Als Antwort auf dieses Erlebnis wollte sie Karmeliterin werden, um sich ganz der neu gewonnenen Gottesbeziehung zu widmen. Doch dazu kam es nicht. Sie hätte sich entscheiden müssen zwischen der Pflege ihrer Spiritualität und der Pflege ihres depressiven Vaters und so entschloss sie sich dazu, stattdessen Soziale Arbeit zu studieren. Zusätzlich kamen zwei Frauen auf sie zu, die gemeinsam mit ihr eine geistliche Gemeinschaft mitten in der Stadt gründen wollten.

Und so gingen Sie mitten in einen der atheistischen Vororte von Paris: Ivry.

Ivry war ein Arbeiterort, der stark von kommunistischen und anarchistischen Menschen geprägt war, die Madeleine zeitlebens mit ihren Einsatz für soziale Gerechtigkeit, für die Armen und Marginalisierten beeindruckte.

Zunächst wollte Sie in ein Pfarrhaus ziehen und doch merkten Sie, dass sie damit sich nur in einer für sie vertrauten Umgebung isolieren würde anstatt sich wirklich auf das Leben der Menschen in dem Ort einzulassen. So zogen sie in ein schlichtes Reihenhaus und versuchten ein kontemplatives Leben ganz inmitten einer zunächst feindlich eingestellten Umgebung zu leben. Schnell jedoch wurde dieses Haus zu einem Ort der Gastfreundschaft besonders für Menschen am Rand, die mit ihren Sorgen dorthin kamen.
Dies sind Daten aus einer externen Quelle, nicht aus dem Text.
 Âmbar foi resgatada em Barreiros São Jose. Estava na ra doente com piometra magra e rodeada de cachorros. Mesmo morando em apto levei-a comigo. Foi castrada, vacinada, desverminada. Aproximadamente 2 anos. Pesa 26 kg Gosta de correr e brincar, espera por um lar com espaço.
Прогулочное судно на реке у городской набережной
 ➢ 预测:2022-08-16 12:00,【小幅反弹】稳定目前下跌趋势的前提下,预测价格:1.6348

Als in den 40er Jahren die Nazis anrückten und die Kommunisten aus dem Ort flohen, vertrauten sie Madeleine Delbrel die Aufsicht über die sozialen Einrichtungen vor Ort an. So groß war mittlerweile das Vertrauen in Madeleine, die enge Freundschaften mit den Kommunisten pflegte ohne die weltanschaulichen Differenzen zu leugnen.
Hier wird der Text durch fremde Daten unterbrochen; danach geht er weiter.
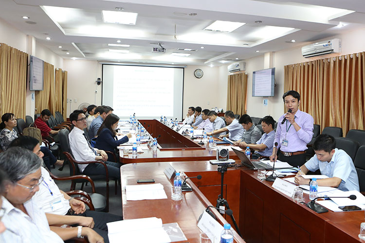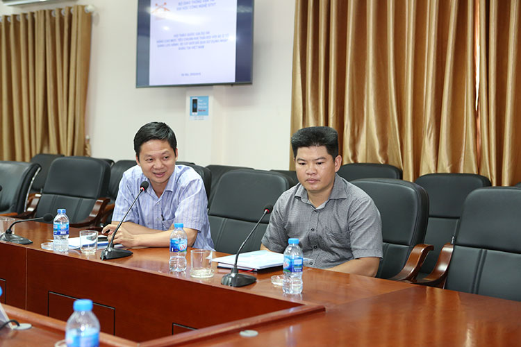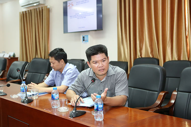 PGS.TS. Vũ Ngọc Khiêm - Phó Hiệu trưởng Nhà trường - Chủ nhiệm đề tài "Nâng cao mức tiêu chuẩn khí thải đối với xe ô tô đang lưu hành, xe cơ giới đã qua sử dụng nhập khẩu" chủ trì Hội thảo

Doch hauptsächlich war sie für die Leute vor Ort aktiv und lebte engagiert, aber nie sehr laut ihren Glauben vor Ort. Dabei entstanden auch so viele Texte, die eine ganz andere, ganz alltägliche Sprache sprechen, die so gar nicht fromm klingt.

Was mich an Ihr so beeindruckt, ist das, was ich radikale Zeitgenossenschaft nennen möchte. Es wäre so einfach gewesen, sich in einer sicheren, vertrauten Umgebung dem Gebet zu widmen oder doch zumindest, in einer Gemeinschaft Gleichgesinnter den Kopf zu schütteln über die Zustände dort draußen. Es wäre so einfach, sich in eine kleine behütete Welt zurückzuziehen, in der man nicht mehr viel erklären muss, in der alle gleich denken und gleich fühlen. Aber genau das scheint ja das Christentum für sie eben nicht auszumachen. Für sie vollzieht sich der Glauben auch darin, dass man in fremde Welten eintaucht, sich ganz der Welt zuwendet. Rückhaltlos.
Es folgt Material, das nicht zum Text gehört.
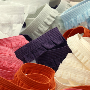 This is the Frill Stretch from SHINDO (S.I.C.). Elastic frill tape with a soft and gentle knit structure, loosely knitted with thick yarn. Recommended for casual wear, sportswear, children's wear, and general merchandise. Three meter-cut products are sold as samples to check the actual product or for prototypes. Please be sure to check the actual product with a three meter-cut product before purchasing in a roll.
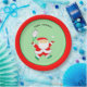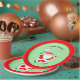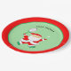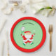 Fun tennis Christmas holiday party or event plates featuring Santa playing tennis and funny tennis-themed line.

Sie schreibt „Das ewige Leben, dass uns geschenkt wurde, damit es die Welt durchwohnt: wir werden es verraten, wenn wir im Bleibenden vor Anker gehen, uns nicht von diesem Leben versetzen lassen wollen in eine Zeit, die die unsere ist.“

Das ist doch ein interessanter Gedanke: das ewige Leben ist nicht einfach ein Leben nach dem Tod, sondern eine Qualität von Leben, die „die Welt durchwohnen“ soll. Man verrät das Christentum, so Delbrel, wenn man es als einen ewigen Besitz, den man verwaltet oder wenn man es als eine ewige Wahrheit, auf die man sich berufen kann, betrachtet. Das Christentum ist für sie weniger ein Satz von festen Wahrheiten oder eine bestimmte zeitlose Tradition, es ist kein Lagerfeuer, um das sich in dunkelen Zeiten eine kleine Gemeinschaft versammeln kann, sondern eine Bewegung in die Welt hinein. Eine Bewegung, die nicht einfach Anpassung ist, sondern der Versuch im Gegenwärtigen Gott zu finden und zu bezeugnen. Sie ist getrieben von der Überzeugung, dass es dem Christentum nicht gut steht, einfach den Status Quo zu verteidigen, einfach nur die große Kette der Überlieferung weiterführen zu wollen.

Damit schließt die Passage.